An alliance between Iraq and Iran against the U.S. is a more likely possibility now than ever before. Iraqi Foreign Minister Naji Sabri is optimistically working on bringing the two nations together in a military alliance. His hope is that this would be activated if we attacked Iraq. The two nations have already exchanged prisoners of war as a step in that direction.

U.S. military planners are making preparations for our troops to stay in Central Asia for a long time. A long time could mean 50 years! We have been in Korea for that long, and have been in Japan and Europe even longer, but the time will come when we will wear out our welcome and have to leave these areas. The Vietnam War met with more resistance, and we left relatively quickly in humiliating defeat. Similarly, episodes of a more minor nature occurred in Somalia and Lebanon.

Why look for more of these kinds of problems when it does not serve our interests? Jeopardizing our security violates the spirit of our Constitution and inevitably costs us more than we can afford.

Our permanent air bases built in Saudi Arabia are totally unessential to our security, contributed to the turmoil in the Middle East, and they continue to do so.

We're building a giant new air base in Kyrgyzstan, a country once part of the Soviet Union and close to Russia. China, also a neighbor, with whom we eagerly seek a close relationship as a trading partner, will not ignore our military buildup in this region.

Islamic fundamentalists may overthrow the current government of Saudi Arabia- a fear that drives her to cooperate openly with the terrorists while flaunting her relationship with the United States. The Wall Street Journal has editorialized that the solution ought to be our forcibly seizing the Saudi Arabian oil fields and replacing the current government with an even more pro-Western government. All along I thought we condemned regimes that took over their neighbors' oil fields!

The editorial, unbelievably explicit, concluded by saying: "Finally, we must be prepared to seize the Saudi oil fields and administer them for the greater good."  The greater good? I just wonder whose greater good?

If the jingoism of the Wall Street Journal prevails, and the warmongers in the Congress and the administration carry the day, we can assume with certainty that these efforts being made will precipitate an uncontrollable breakout of hostilities in the region that could lead to World War III.

How a major publication can actually print an article that openly supports such aggression as a serious proposal is difficult to comprehend! Two countries armed with nuclear weapons, on the verge of war in the region, and we're being urged to dig a deeper hole for ourselves by seizing the Saudi oil fields?

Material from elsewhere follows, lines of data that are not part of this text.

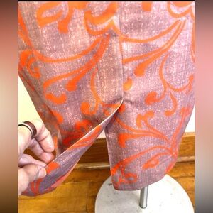 Anthropologie Beguile Byron Lars presents a stunning sleeveless sheath dress in a unique blend of gray, orange, and pink floral pattern. The dress features a boat neck, draped accents, and a side zipper for easy wear. It's perfect for various occasions such as travel, weddings, parties, or even casual outings.
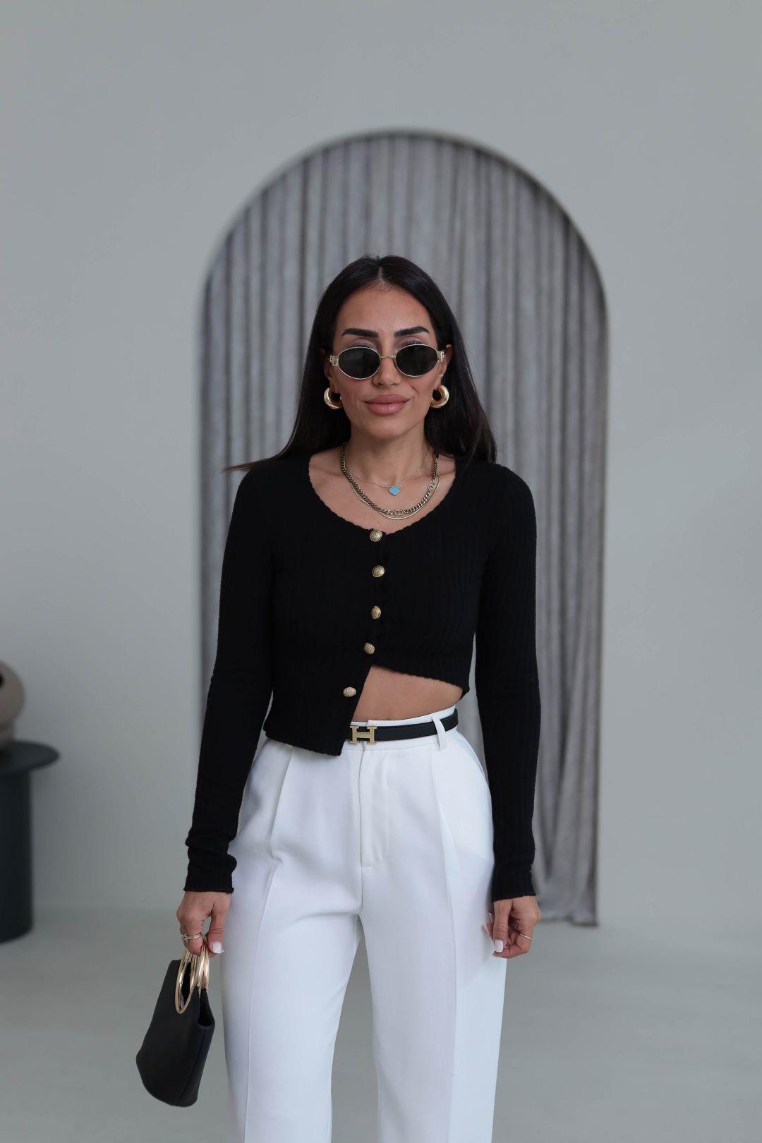 2074 Fitilli Triko Gold Düğmeli Hırka SİYAH
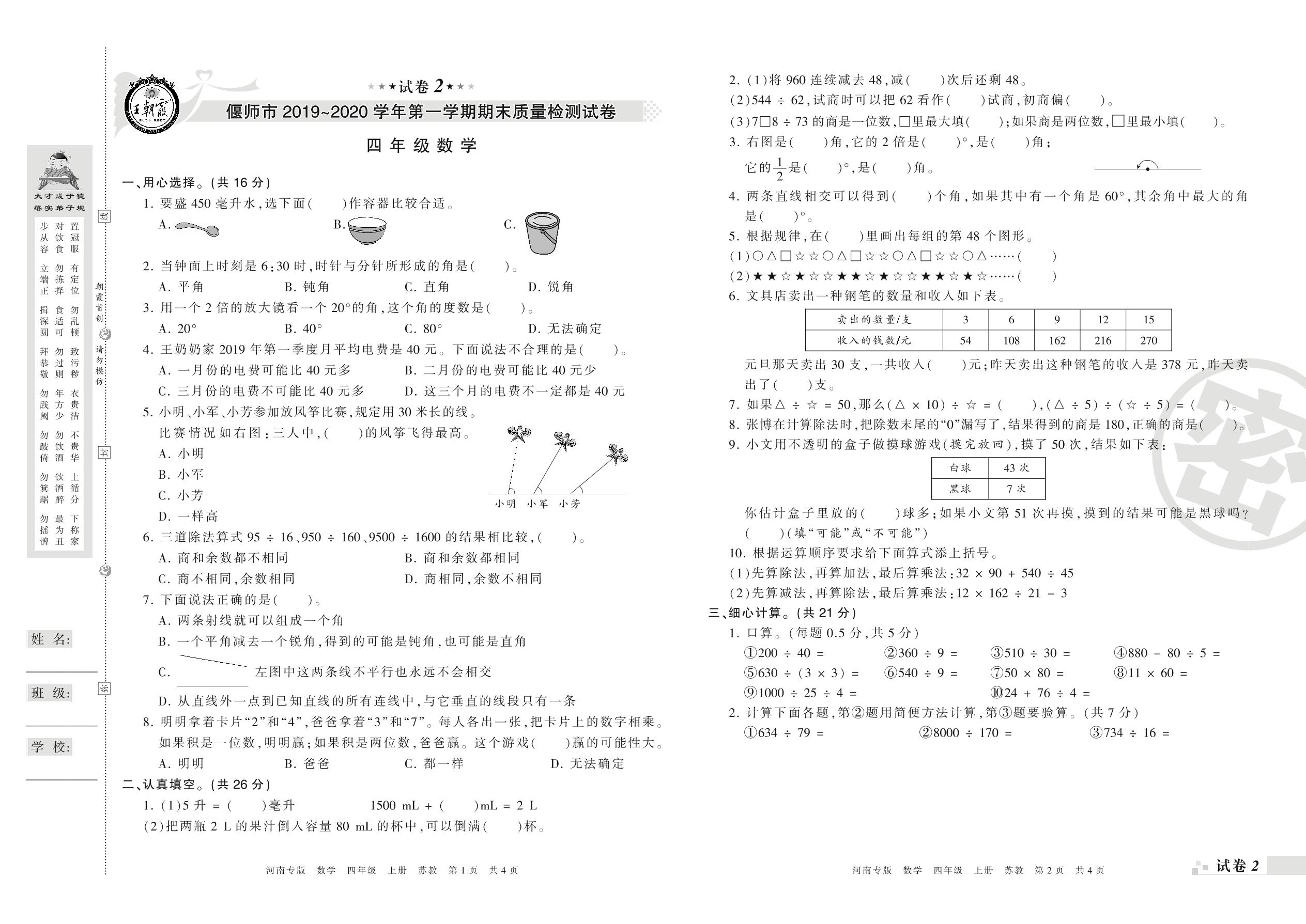 2019-2020学年第一学期偃师市四年级数学试卷(苏教版)【2】

Already the presence of our troops in the Muslim holy land of Saudi Arabia has inflamed the hatred drove the terrorists to carry out their tragic acts of 9-11. Pursuing such an aggressive policy would only further undermine our ability to defend the American people and will compound the economic problems we face.

Something, anything, regardless of its effectiveness, had to be done, since the American people expected it, and Congress and the Administration willed it. An effort to get the terrorists and their supporters is obviously in order, and hopefully that has been achieved. But a never-ending commitment to end all terrorism in the world, whether it is related to the attack on September 11th or not, is neither a legitimate nor wise policy.

HJ RES 64 gives the President authority to pursue only those guilty of the attack on us- not every terrorist in the entire world. Let there be no doubt: for every terrorist identified, others will see only a freedom fighter.

When we aided Osama bin Laden in the 1980s, he was a member of the Mujahidien, and they were the freedom fighters waging a just war against the Soviet Army. A broad definition of terrorism outside the understanding of "those who attack the United States" opens a Pandora's box in our foreign policy commitments.

If we concentrate on searching for all terrorists throughout the world and bombing dozens of countries, but forget to deal with the important contributing factors that drove those who killed our fellow citizens, we will only make ourselves more vulnerable to new attacks.

How can we forever fail to address the provocative nature of U.S. taxpayer money being used to suppress and kill Palestinians and ignore the affront to the Islamic people that our military presence on their holy land of Saudi Arabia causes- not to mention the persistent 12 years of bombing Iraq?

I'm fearful that an unlimited worldwide war against all terrorism will distract from the serious consideration that must be given to our policy of foreign interventionism, driven by the powerful commercial interests and a desire to promote world government. This is done while ignoring our principle responsibility of protecting national security and liberty here at home.

There is a serious problem with a policy that has allowed a successful attack on our homeland. It cannot be written off as a result of irrational yet efficient evildoers who are merely jealous of our success and despise our freedoms.

We've had enemies throughout our history, but never before have we suffered such an attack that has made us feel so vulnerable. The cause of this crisis is much more profound and requires looking inwardly as well as outwardly at our own policies as well as those of others.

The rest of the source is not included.